In a first-of-its-kind trial, Deng Hongkui, a cell biologist at Peking University, and his colleagues extracted cells from three people with type 1 diabetes and returned them to a pluripotent state, from which they could be molded into any type of cell in the body. This reprogramming technique was first developed by Shinya Yamanaka at Kyoto University in Japan almost two decades ago. But Dunn and his colleagues modified the technique: Instead of introducing proteins that trigger gene expression, as Yamanaka did, they exposed the cells to small molecules. This offers more control over the process.

The researchers then used the chemically induced pluripotent stem (iPS) cells to generate 3D clusters of islets. They tested the safety and efficacy of the cells in mice and non-human primates.

In June 2023, in an operation lasting less than half an hour, they injected the equivalent of approximately 1.5 million islets into the woman's abdominal muscles — a new position for islet transplants. Most transplanted islets are injected into the liver, where the cells cannot be observed. But by placing them in the abdomen, researchers can monitor the cells using an MRI and possibly remove them if necessary.

Two and a half months later, the woman produces enough insulin to live without needing supplementation, and maintains this level of production for more than a year. By this time, the woman has stopped experiencing the dangerous spikes and dips in her blood sugar levels, which remain within the target range for more than 98% of the day. “This is remarkable” says Daisuke Yabe, a diabetes researcher at Kyoto University. “If this applies to other patients, that would be wonderful.”

The results are intriguing, but they need to be replicated in more people, says Jay Skyler, an endocrinologist at the University of Miami in Florida who studies type 1 diabetes. Skyler also wants to see if the woman's cells continue to make insulin up to five years before they consider her “cured”.

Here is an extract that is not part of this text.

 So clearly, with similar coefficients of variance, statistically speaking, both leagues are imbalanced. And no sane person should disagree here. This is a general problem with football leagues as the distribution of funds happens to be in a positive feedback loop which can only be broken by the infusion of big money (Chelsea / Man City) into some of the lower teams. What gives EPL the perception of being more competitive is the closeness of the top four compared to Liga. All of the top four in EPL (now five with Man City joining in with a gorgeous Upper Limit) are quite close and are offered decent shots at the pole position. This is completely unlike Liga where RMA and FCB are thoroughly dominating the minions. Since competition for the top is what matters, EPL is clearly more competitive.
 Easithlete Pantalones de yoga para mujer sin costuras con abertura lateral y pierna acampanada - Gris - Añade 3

Dunn says the results for the other two participants were “also very positive” and will hit the one-year mark in November, after which he hopes to expand the trial to 10 or 20 more patients.

Because the woman had already received immunosuppressants for a previous liver transplant, the researchers could not assess whether the iPS cells reduced the risk of graft rejection.

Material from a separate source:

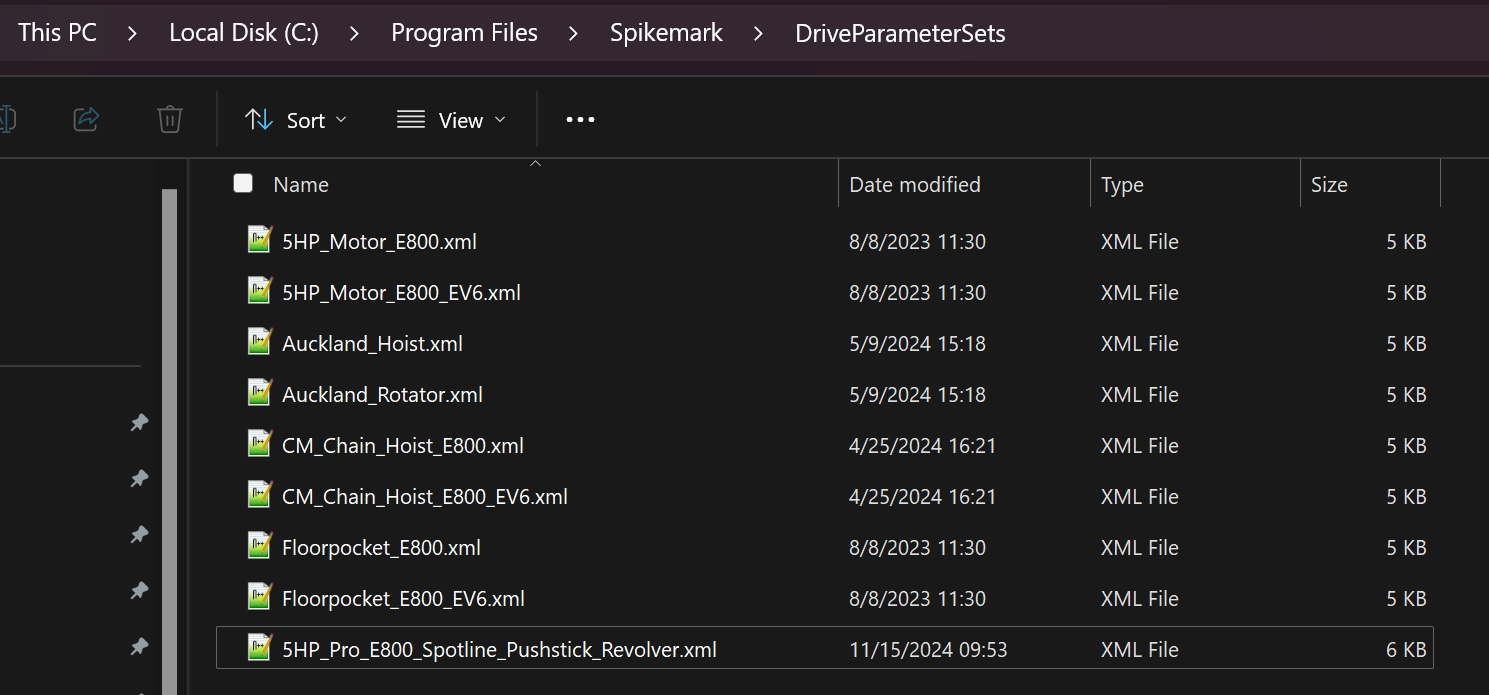 `C:\Program Files\Spikemark\DriveParameterSets`

Even if the body does not reject the transplant because it does not consider the cells to be “foreign”, in people with type 1 diabetes, because they have an autoimmune disease, there is still a risk that the body can attack the islets. Deng says they didn't see this in the woman because of the immunosuppressants, but they are trying to engineer cells that can avoid this autoimmune response.

Transplants using the recipient's own cells have advantages, but the procedures are difficult to scale and commercialize, researchers say. Several groups have begun trials of islet cells created using donor stem cells.

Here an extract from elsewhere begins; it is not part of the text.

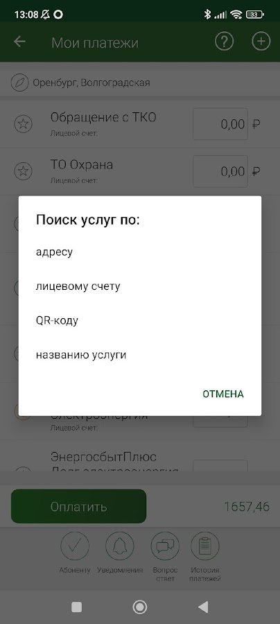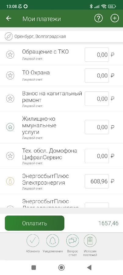 В меню «Уведомления» отражены сообщения о выставлении счетов, квитанции на оплату, новых поставщиках услуг, работе сервисов, оплатах, регистрации и ходе рассмотрения заявок, код подтверждения операций из PUSH-уведомлений.

In June, preliminary results were reported from a trial led by Vertex Pharmaceuticals in Boston, Massachusetts. A dozen participants with type 1 diabetes received islets from donated embryonic stem cells that were injected into their livers. All of them were treated with immunosuppressants. Three months after the transplant, all participants began to produce insulin when glucose was present in their blood. Some had become independent of insulin.

Last year, Vertex launched another trial in which islet cells derived from donated stem cells were placed in a device designed to protect them from immune system attacks. It was transplanted into a person with type 1 diabetes who was not receiving immunosuppressants. “This process is ongoing,” says Shapiro, who participated in the study, which aims to enroll 17 people.

Yabe is also about to begin a trial using islet cells produced using donor iPS cells. He plans to develop islet sheets and surgically implant them into the abdominal tissue of three people with type 1 diabetes who will receive immunosuppressants. The first participant should receive their transplant early next year.